Wait a sec. If every good marriage is based on a deep caring and friendship with the other person, does pressing your dream outcome allow you to be the kind of friend and partner your boyfriend needs? Could you be destroying the very opportunity you desire by being so doggedly determined to get what you want?
Let's say you want to change your life by starting your own business. You do the research, create a sound business plan, find a good opportunity, hire a lawyer and accountant, and draw up the legal papers. All good. You go so far as to envision what your first steps will be, how the place will feel, what each day will be like. OK, you're fine. Visualization is an excellent tool to direct you toward a positive outcome. But if you're so in love with the idea of you as the owner of a particular business in a particular location that you can't see the shortcomings, pitfalls and weaknesses of your plan, you may end up overruling your advisers and taking a deal that's not really in your best interest. Because you made up your mind about how it's going to be, and that's what it's going to be.
Let's say you're running for President of the United States and you are so focused on winning that you can't see that you're behind in delegates, behind in the popular vote, behind in fundraising and have rising negative opinion polls. By golly, you've made up your mind that you are going to be President and that blind ambition propels you toward an outcome that's growing more and more elusive. You stop listening to naysayers, surround yourself with "yes" people, and irreparably damage your public image with your frantic pursuit of your goal.
Honey, to reduce your stress and anxiety you've got to hold on loosely to your intended outcome. Loose enough to be able to grab on to an unexpected outcome that's even better than what you had in mind. You can do this when you form your intention, visualize your dream and then say:
"This or something better."
"This or something better" vs. "This is how it's going to be" is being fluid vs. being rigid. It's being present right here, right now, aware of the truth in this moment vs. being somewhere else, focused on what's not yet happened -- may not happen -- and totally unaware of the truth.

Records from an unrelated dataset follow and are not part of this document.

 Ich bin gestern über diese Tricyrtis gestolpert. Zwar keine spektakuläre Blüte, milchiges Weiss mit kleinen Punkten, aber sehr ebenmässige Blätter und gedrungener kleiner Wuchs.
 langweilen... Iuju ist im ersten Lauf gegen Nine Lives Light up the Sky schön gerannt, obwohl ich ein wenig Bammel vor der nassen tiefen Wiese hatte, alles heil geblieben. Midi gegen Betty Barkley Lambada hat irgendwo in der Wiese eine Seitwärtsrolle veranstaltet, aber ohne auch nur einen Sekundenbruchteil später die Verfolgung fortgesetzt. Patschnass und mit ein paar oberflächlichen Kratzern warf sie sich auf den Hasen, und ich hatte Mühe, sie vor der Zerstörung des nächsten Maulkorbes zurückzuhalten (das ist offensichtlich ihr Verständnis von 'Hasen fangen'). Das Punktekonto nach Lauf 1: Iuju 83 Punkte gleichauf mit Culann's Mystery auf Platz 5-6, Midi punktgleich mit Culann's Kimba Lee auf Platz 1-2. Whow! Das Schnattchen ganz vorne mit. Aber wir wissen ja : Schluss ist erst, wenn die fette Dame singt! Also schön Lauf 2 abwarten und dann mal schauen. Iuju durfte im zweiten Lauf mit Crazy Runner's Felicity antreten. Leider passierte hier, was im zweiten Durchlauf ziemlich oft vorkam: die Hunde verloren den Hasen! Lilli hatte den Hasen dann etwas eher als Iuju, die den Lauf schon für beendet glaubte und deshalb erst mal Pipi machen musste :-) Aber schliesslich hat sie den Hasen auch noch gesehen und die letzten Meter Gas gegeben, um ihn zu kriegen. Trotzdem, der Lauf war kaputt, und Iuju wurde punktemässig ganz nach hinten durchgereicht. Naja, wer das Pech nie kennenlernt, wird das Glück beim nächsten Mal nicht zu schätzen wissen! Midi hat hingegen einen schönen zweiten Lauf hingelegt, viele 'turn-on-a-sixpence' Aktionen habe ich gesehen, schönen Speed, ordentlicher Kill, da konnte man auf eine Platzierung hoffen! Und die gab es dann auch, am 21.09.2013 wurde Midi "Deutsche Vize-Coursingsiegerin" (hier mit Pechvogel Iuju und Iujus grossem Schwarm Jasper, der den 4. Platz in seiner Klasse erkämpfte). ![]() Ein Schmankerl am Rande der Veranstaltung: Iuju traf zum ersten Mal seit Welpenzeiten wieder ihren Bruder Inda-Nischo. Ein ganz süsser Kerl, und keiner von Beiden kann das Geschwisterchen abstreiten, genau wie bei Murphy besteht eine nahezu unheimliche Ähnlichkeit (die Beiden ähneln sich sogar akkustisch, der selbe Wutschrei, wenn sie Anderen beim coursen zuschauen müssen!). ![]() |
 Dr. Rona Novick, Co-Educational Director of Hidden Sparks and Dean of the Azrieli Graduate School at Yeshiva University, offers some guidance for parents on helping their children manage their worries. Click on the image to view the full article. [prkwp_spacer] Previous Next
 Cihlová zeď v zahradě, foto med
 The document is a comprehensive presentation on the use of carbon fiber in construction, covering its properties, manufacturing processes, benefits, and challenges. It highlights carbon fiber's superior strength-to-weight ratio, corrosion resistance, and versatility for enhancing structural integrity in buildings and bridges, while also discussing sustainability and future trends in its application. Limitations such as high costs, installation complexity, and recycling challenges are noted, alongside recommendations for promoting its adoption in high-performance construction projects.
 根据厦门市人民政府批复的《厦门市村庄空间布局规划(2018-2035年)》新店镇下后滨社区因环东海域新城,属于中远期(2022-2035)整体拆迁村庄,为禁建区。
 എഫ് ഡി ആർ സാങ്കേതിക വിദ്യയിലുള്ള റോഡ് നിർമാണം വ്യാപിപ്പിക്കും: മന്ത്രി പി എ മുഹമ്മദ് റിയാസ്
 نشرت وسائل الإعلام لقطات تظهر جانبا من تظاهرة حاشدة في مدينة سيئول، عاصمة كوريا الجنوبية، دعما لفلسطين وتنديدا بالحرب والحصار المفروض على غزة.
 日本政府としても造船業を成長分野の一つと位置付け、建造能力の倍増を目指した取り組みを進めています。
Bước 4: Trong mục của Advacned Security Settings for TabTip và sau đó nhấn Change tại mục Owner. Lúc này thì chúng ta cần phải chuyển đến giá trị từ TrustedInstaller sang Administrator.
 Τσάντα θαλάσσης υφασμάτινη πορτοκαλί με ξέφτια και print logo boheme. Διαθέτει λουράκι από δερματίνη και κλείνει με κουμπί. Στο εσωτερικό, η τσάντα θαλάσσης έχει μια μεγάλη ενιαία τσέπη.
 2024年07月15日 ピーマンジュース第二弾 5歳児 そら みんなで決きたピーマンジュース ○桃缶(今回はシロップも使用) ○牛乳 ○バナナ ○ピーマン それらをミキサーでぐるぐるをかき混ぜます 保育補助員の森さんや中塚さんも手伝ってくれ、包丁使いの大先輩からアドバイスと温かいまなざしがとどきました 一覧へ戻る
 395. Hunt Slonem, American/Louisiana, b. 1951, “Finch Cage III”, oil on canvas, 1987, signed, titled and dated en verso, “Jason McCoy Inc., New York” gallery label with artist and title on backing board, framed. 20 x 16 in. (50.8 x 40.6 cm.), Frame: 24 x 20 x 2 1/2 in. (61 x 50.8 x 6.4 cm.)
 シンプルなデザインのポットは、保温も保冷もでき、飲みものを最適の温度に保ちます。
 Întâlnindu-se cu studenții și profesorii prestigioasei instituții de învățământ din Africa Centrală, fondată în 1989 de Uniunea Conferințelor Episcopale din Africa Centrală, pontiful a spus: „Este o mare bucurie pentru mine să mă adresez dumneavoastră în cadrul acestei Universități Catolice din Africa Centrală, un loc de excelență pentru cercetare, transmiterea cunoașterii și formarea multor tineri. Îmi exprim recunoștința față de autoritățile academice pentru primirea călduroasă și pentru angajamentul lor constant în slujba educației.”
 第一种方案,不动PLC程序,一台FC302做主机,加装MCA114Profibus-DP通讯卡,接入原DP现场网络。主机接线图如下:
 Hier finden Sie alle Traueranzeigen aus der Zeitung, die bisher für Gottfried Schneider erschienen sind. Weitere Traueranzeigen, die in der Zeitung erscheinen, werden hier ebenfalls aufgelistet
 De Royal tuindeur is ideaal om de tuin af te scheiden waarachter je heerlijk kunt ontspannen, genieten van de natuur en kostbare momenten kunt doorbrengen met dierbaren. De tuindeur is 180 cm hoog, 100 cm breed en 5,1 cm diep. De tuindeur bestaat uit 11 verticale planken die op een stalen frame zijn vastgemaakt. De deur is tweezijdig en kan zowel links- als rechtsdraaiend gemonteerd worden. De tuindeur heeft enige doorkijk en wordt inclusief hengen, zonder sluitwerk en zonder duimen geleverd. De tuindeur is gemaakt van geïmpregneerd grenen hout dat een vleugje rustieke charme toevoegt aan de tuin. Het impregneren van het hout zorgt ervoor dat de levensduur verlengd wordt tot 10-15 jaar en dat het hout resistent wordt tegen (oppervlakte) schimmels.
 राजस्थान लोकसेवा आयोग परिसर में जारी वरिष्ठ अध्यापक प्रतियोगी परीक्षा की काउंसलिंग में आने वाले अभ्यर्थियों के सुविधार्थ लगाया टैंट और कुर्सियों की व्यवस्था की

It's having arms wide open to serendipity vs. arms crossed against the chest with much foot stamping frustration.
Imagine lovingly whittling a hunk of wood into two parts -- a square peg and a round hole. You can spend your lifetime attempting to insert the square peg you've created into the round hole you love, but how to get it to fit?
You really only have two options: reduce the size of the square until it fits into the hole, or craft a new, larger square hole.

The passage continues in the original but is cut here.